1975 Cold War board wargame

Modern Battles: Four Contemporary Conflicts is a collection of four board wargames published by Simulations Publications Inc. (SPI) in 1975 that simulates four modern-day battles set in the early 1970s.

==Description==
Modern Battles is a "quadrigame" — a game box that contains four separate wargames that use a common set of rules. Two of the games are based on battles during the Yom Kippur War that had occurred less than two years before publication of the game:
- Chinese Farm: The cross-canal Battle of The Chinese Farm
- Golan: Syria's attempt to retake the Golan Heights
The other two games are based on hypothetical scenarios:
- Mukden: A Soviet incursion into Manchuria centers on the strategic Chinese city of Mukden
- Wurzburg: A hypothetical invasion of West Germany by Warsaw Pact forces.

===Components===
The game box contains:
- four 17" x 22" paper hex grid maps, one for each game, scaled at 1 mi (1.6 km) per hex
- 400 double-sided die-cut counters (100 per game)
- two rulebooks describing the rules common to all four games
- four rulebooks (one for each game) describing the rules unique to each game
- various charts and players' aids
- a small six-sided die
The individual games released as "folio games" packaged in a ziplock bag did not include the six-sided die.

===Gameplay===
Each turn, which represents 12 hours of game time, consists of five phases:
- Special Weapons Fire (both players)
- First Player Movement
- First Player Combat
- Second Player Movement
- Second Player Combat
Each game also has some rules only used in that game, e.g. Wurzburg had a few special rules for helicopters, river crossings, and nuclear weapons.

==Publication history==
In 1975, SPI published their first "quadrigame", Blue and Gray, a set of four American Civil War battles. The format proved very popular, and SPI quickly produced more quadrigames, the first being Modern Battles. It consisted of Chinese Farm, designed by Howard Barasch; Golan, designed by Irad B. Hardy; Mukden, designed by David Isby; and Wurzburg, designed by Jim Dunnigan. The graphic design for all four games was created by Redmond A. Simonsen. Modern Battles initially sold well, rising to #3 on SPI's Top Ten Bestselling Games list after its release, and staying in the Top Ten for four months.

The four games were also released as individual games, packaged as "folio games" (games enclosed in a cardstock folder within a ziplock bag.) None of the individual games sold well enough to crack SPI's Top Ten list.

In 1977, SPI released a sequel, the quadrigame Modern Battles II, that included battles set in the Six Day War, Yugoslavia, West Germany and South Korea.

==Reception==
In a 1976 poll conducted by SPI to determine the most popular board wargames in North America, Modern Battles placed 33rd out of 202 games. Two of the individual folio games were rated higher than this, Chinese Farm coming in 15th, and Wurzburg 23rd.
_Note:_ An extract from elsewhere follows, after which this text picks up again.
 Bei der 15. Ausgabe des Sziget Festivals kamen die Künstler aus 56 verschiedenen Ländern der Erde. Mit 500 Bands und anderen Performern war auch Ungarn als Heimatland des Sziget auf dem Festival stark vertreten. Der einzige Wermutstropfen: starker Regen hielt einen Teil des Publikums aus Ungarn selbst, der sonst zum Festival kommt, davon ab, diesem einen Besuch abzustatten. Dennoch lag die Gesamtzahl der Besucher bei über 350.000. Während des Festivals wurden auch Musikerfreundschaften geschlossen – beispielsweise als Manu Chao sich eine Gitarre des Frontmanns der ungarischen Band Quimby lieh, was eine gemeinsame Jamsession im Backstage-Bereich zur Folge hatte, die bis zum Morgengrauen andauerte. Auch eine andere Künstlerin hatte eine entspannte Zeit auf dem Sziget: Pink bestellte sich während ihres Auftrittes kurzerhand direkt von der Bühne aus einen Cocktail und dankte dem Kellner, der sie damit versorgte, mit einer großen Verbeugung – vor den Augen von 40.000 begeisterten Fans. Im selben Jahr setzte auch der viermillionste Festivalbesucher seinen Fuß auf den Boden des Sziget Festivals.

Golan was 33rd, while Mukden was the least popular, placing 54th.

In Issue 15 of Fire & Movement, Rodger MacGowan related that shortly after Wurzburg was released, SPI began to distribute their wargames in Western Europe, including West Germany. However, after the German magazine Der Stern ran an article on how Wurzburg used the town as the setting for military combat that might involve nuclear weapons, there was a local outcry by Wurzburg residents. The German distributors quickly took it and other modern-era games set in West Germany off the market. As MacGowan noted, "A future war in Europe might prove interesting, entertaining or even 'fun' to a wargamer in the comfort of his living room or den, but to those who live in places like Würzburg, the idea was revolting."

In the 1977 book The Comprehensive Guide to Board Wargaming, Charles Vasey thought that the Combat Results Table (CRT) was "very complex for a [quadrigame with] numerous bloodless retreats." Vasey also complimented the "fine maps", and described Wurzburg as "a good game with a fierce series of typical battles around the town."

In Issue 20 of the British wargaming magazine Phoenix, George Duguid criticized Modern Battles for "failing to distinguish between the various arms of the modern army (with the exception of artillery)." Duguid also noted that the games, especially Wurzburg, often stagnated into a defensive battle of attrition. He also didn't like the abstract concept of air strikes, wishing that there actual physical units representing aircraft. He went on to suggest changes to the rules to correct these deficiencies.

In an article in Moves reviewing wargames by various publishers set in the Arab-Israeli Wars, Ian Chadwick examined both Golan and Chinese Farm. He noted that the simplistic game mechanics "makes these games fast and enjoyable, but realism is sacrificed." He also did not like the abstract nature of air strikes and air defenses. He found Golan to be "a good, tough game, one easily played to a conclusion in one evening." He called Chinese Farm "a very playable game. It's not as fluid as Golan, but nonetheless fast and enjoyable." He graded both games "A" for playability, "C" for component quality and "C" for historical accuracy.

In The Guide to Simulations/Games for Education and Training, Martin Campion thought that "The game rules are basically simple but the artillery rules tend to put a larger strain than usual on players' abilities to add numerous numbers in their heads and to consider several alternatives at the same time."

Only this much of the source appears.